The query results page contains a list of all UniGene clusters that match the query. Each cluster is identified by an identifier, a description, and a gene symbol, if available. Cluster identifiers are prefixed with Hs for Homo sapiens, Rn for Rattus norvegicus, Mm for Mus musculus, or Dn for Danio rerio. The descriptions of UniGene clusters are taken from LocusLink, if available, or from the title of a sequence in the cluster. The UniGene report page for each cluster links to data from other NCBI resources (Fig. 12.5). At the top of the page are links to LocusLink, which provides descriptive information about genetic loci (Pruitt et al., 2000), OMIM, a catalog of human genes and genetic disorders, and HomoloGene. Next are listed similarities between the translations of DNA sequences in the cluster and protein sequences from model organisms, including human, mouse, rat, fruit fly, and worm. The subsequent section describes relevant mapping information. It is followed by ‘‘expression information,’’ which lists the tissues from which the ESTs in the cluster have been created, along with links to the SAGE database. Sequences making up the cluster are listed next, along with a link to download these sequences.
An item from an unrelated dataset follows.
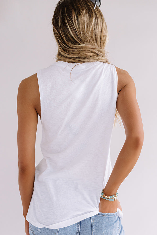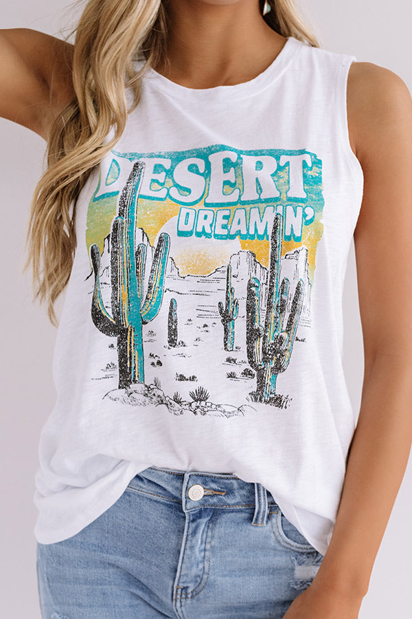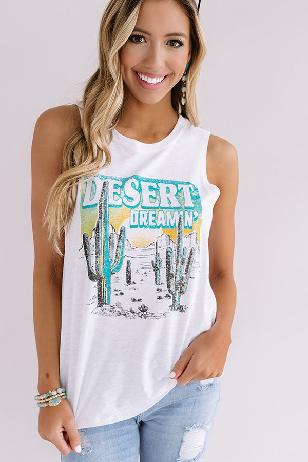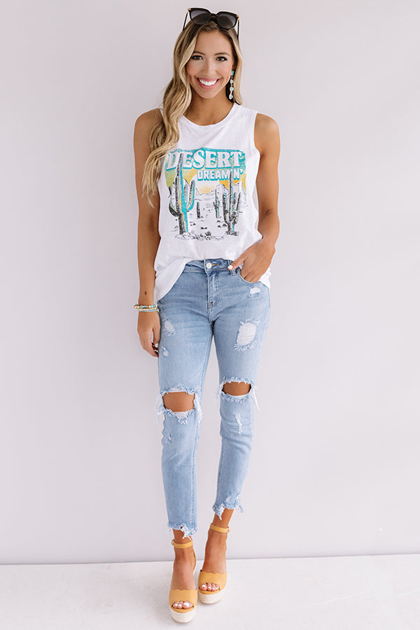 Keep it casual in our white chic grunge "Desert Dreamin'" boyfriend tank featuring soft lightweight material, a scooped neckline, wide 2-inch shoulder straps, an adorable blue and yellow cactus graphic on the front with cute block font, and a relaxed silhouette that falls into a straight hemline! We have styled this cutie up with some distressed jean shorts, but you can also dress it down with our "Let The Cozy Times Roll Joggers in Grey," our "Skye Sneaker in Black," and our "Swiss Alps Getaway Backpack in Black!" Measurements

It is important to note that clusters that contain ESTs only (i.e., no mRNAs or annotated CDSs) will be missing some of these fields, such as LocusLink, OMIM, and mRNA/Gene links. UniGene titles for such clusters, such as ‘‘EST, weakly similar to ORF2 contains a reverse transcriptase domain [H. sapiens],’’ are derived from the title of a characterized protein with which the translated EST sequence aligns. The cluster title might be as simple as ‘‘EST’’ if the ESTs share no significant similarity with characterized proteins.
Retirement of UniGene
On February 1, 2019, the NCBI announced that it was retiring the UniGene database because "reference genomes are available for most organisms with a sizable research community. Consequently, the usage of and need for UniGene has dropped significantly." Access to the UniGene builds will remain available through FTP.